What to do:
The answer must be an exact transcription of the lines below from the first through the one containing "Inside there is", with the pictures left out; please add nothing else.

═════ Provided data ═════

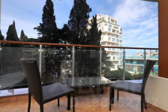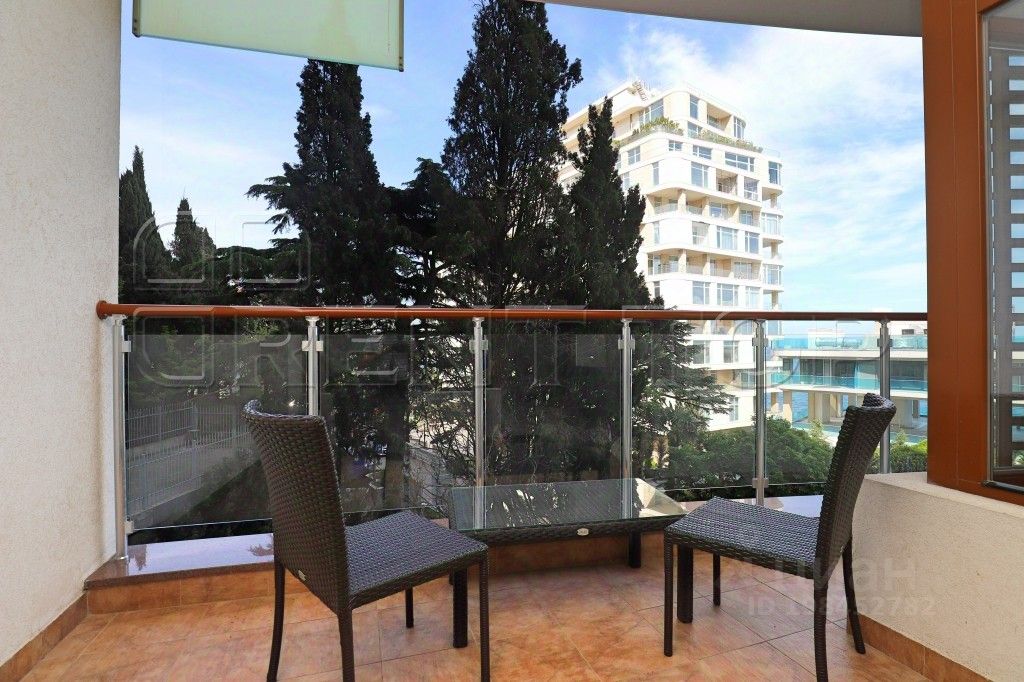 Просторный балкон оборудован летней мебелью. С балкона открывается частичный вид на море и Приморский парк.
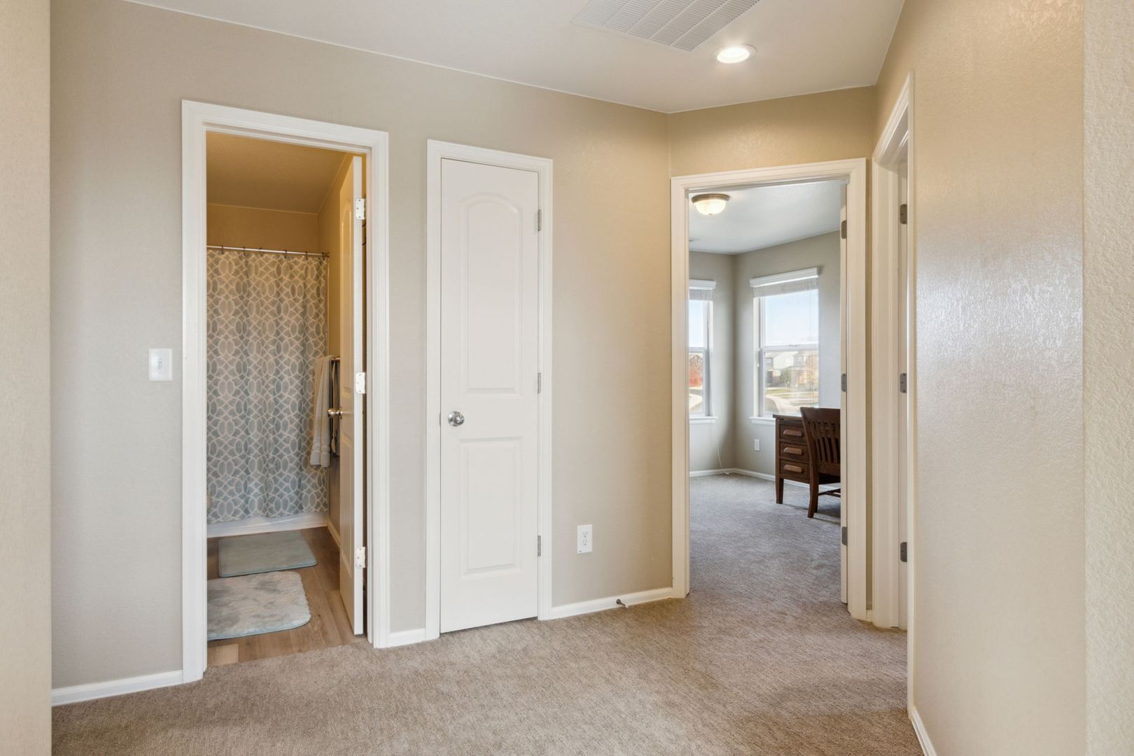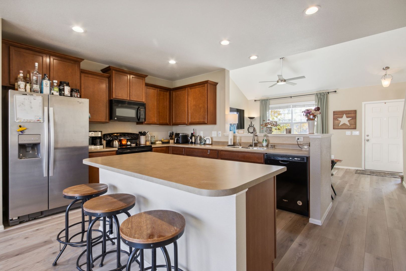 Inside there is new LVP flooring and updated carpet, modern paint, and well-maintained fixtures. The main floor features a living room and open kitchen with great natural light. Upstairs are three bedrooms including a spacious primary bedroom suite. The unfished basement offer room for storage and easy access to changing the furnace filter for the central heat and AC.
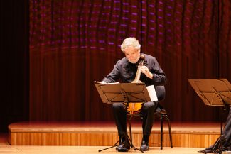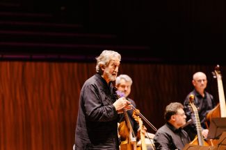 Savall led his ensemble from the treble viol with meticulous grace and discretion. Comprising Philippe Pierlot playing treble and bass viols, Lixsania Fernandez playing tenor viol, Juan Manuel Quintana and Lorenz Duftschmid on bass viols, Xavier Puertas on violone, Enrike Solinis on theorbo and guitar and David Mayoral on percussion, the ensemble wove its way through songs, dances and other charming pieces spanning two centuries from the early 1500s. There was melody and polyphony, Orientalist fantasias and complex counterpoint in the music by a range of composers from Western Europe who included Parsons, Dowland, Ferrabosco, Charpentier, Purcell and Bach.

═════

Response below:
 Просторный балкон оборудован летней мебелью. С балкона открывается частичный вид на море и Приморский парк.
 Inside there is new LVP flooring and updated carpet, modern paint, and well-maintained fixtures. The main floor features a living room and open kitchen with great natural light. Upstairs are three bedrooms including a spacious primary bedroom suite. The unfished basement offer room for storage and easy access to changing the furnace filter for the central heat and AC.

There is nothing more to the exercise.